How is your week going? How are you doing?

This past Sunday, we started a new series, “Worship and Prayer.” We will take nine weeks to look at corporate worship, private worship, and prayer. These are our focus areas for this fiscal year and the next. We believe that this is the foundation for our growth individually and for our growth as a church. Please continue to keep these areas in your prayers.

We started the series by taking a look at the holiness of God. When is the last time you reflected on the holiness of God? It may have been awhile. Why? It’s because the word “holy” has become watered down for us. We use it so often that it has become meaningless. Or maybe we haven’t reflected on the holiness of God, because it is a terrifying thought.

Our passage, Isaiah 6, this past Sunday was a terrifying one. Isaiah is brought face to face with the King of the Universe in all of His glory. This is the glory that God has and the glory that He is due. It is quickly apparent that God is holy, and Isaiah is not. God is all powerful and gloriously majestic, and Isaiah is not. God is perfectly sinless, and Isaiah is not.

After this glorious sight, Isaiah’s first words in this book are “Woe is me.” It is remorsefulness. It is brokenness. It is helplessness. He knows that he is in the presence of his holy God, and in it, he knows that his sinful self deserves judgment and death.

He is at the lowest of lows. He has no hope within himself, and then, at that moment, it is God who acts. It is God who saves. A burning coal from the altar of sacrifice touches the lips of Isaiah, and he is made clean. His guilt is washed away, and his sin is atoned for.

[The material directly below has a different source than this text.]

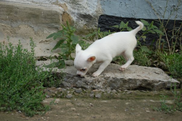 очень красивая девочка!!!мне кажется что даже чем то похожи с моей, только она голубо-полевая,я вот не могу понять по фото какого она окраса ,полностью беленькая???интересно бы посмотреть на нее еще щеночком,если есть фотки покажите .

In the presence of God’s holiness, the only way sin can be atoned for is through sacrifice. This coal from the altar of sacrifice points to Christ who was sacrificed on the altar of the cross. The cross is the only place that God’s absolute holiness meets our absolute sinfulness and we come out alive and restored.

See, Christ bore this cross so that we may be saved. He bore this cross, because He loves us. The cross does not only show us the depth of God’s holiness and our sin. It shows us the depth of His love for us.

The beautiful truth of this passage is that the person who was slaughtered on the cross for us is the same person who sits on the throne in Isaiah 6. He who is high and lifted up lowered Himself, not to sit on an earthly throne but to be slain on a wooden cross.

God’s holiness displayed through His glory demands us to worship. However, God’s love displayed through the cross gives us the desire to worship. It is now a blessing instead of a burden. It is now a delight instead of a duty.

Let’s reflect on the holiness of God this week. May it drive us to repentance and faith. May it drive us to cling to the cross. May it reveal to us more of the love of God. Lastly, may it lead our hearts to worship.

See you all on Sunday for our Lord’s Day worship. Continue to pray for one another.